I am an operations researcher and a musician. Over the past 10 years, I have devoted much time to exploring and building a career at the interface between music and operations research. At the University of Southern California, I founded the Music Computation and Cognition (MuCoaCo) Laboratory (www-rcf.usc.edu/~mucoaco) and direct research in music and computing. To bring music applications to the attention of the O.R. community, I have organized invited clusters at INFORMS meetings: "O.R. in the Arts: Applications in Music" (www-rcf.usc.edu/~echew/INFORMS/cluster.html) at the 2003 INFORMS meeting in Atlanta and, "Music, Computation and Artificial Intelligence" (www-rcf.usc.edu/~echew/INFORMS/ics2005.html) at the 2005 INFORMS Computing Society meeting in Annapolis, Md. The summer 2006 issue (Vol. 18, No. 34) of the INFORMS Journal on Computing featured a special cluster of papers on "Computation in Music" that I edited with Roger Dannenberg, Joel Sokol and Mark Steedman.
The goal of this article is to provide broader perspectives on the growth and maturation of music and computing as a discipline, resources to learn more about the field, and some ways in which operations research impacts and can influence this rapidly expanding field. My objective is to show that music its analysis, composition and performance presents rich application areas for O.R. techniques.

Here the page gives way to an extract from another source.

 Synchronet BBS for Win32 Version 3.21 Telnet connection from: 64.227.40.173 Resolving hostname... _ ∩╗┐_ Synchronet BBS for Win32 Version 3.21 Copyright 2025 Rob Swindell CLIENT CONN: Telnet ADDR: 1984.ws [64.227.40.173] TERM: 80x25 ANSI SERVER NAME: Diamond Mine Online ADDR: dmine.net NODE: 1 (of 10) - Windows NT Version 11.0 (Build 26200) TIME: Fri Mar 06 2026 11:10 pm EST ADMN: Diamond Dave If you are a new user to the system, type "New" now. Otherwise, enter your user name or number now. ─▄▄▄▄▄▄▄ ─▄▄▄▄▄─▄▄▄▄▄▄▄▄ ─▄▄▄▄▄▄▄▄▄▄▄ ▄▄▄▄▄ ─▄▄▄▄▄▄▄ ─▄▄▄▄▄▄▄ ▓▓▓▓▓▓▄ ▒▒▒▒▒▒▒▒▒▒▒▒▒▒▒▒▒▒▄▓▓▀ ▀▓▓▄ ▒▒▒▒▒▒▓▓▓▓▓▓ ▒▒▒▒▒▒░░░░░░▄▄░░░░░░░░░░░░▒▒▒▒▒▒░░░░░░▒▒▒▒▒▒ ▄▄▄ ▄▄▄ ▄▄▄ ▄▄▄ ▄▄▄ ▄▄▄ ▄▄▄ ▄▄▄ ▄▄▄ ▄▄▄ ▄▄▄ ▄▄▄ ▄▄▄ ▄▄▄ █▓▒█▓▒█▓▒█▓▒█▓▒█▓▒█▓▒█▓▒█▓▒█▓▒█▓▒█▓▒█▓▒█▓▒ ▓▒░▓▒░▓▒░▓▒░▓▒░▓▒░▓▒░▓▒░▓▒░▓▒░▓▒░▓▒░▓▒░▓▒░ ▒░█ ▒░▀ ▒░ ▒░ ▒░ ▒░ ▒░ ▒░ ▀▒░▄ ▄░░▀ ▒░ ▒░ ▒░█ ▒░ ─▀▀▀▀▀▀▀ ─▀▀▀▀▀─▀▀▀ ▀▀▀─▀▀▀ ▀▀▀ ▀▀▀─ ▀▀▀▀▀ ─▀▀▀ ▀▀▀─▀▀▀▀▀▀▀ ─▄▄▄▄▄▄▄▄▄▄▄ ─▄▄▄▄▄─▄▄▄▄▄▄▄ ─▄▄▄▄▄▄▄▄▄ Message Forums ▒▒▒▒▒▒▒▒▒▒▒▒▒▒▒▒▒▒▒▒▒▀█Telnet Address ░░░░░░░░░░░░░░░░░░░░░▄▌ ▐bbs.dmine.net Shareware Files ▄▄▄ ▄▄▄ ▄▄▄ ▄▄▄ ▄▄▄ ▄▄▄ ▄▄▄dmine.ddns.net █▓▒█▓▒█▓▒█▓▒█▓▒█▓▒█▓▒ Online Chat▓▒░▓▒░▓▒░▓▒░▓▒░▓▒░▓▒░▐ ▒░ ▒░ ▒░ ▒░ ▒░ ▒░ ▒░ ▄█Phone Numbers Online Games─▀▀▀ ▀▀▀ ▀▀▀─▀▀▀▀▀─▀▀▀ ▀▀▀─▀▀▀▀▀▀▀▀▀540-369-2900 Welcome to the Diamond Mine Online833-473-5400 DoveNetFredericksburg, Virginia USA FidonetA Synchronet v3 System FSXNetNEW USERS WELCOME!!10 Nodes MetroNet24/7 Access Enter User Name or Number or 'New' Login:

Any attempt to give a comprehensive overview of the field in a few pages must necessarily be doomed to failure, due to the vastness of the domain. I will provide selected examples, focusing on a few research projects at the MuCoaCo Laboratory and some related work of musical problems that can be framed and solved mathematically and computationally. Many of the techniques will be familiar to the O.R. community and some will borrow from other computing fields. These examples will feature the modeling of music itself, the analysis and description of its structures and the manipulation of these structures in composition and performance.
Beyond such industrial interests in mathematical and computational modeling of music, such approaches to solving problems in music analysis and in music making have their own scientific and intellectual merit as a natural progression in the evolution of the disciplines of musicology, music theory, performance, composition and improvisation. Formal models of human capabilities in creating, analyzing and reproducing music serve to further knowledge in human perception and cognition, and advance the state of the art in psychology and neuroscience. By modeling music making and analysis, we gain a deeper understanding of the levels and kinds of human creativity engaged by these activities.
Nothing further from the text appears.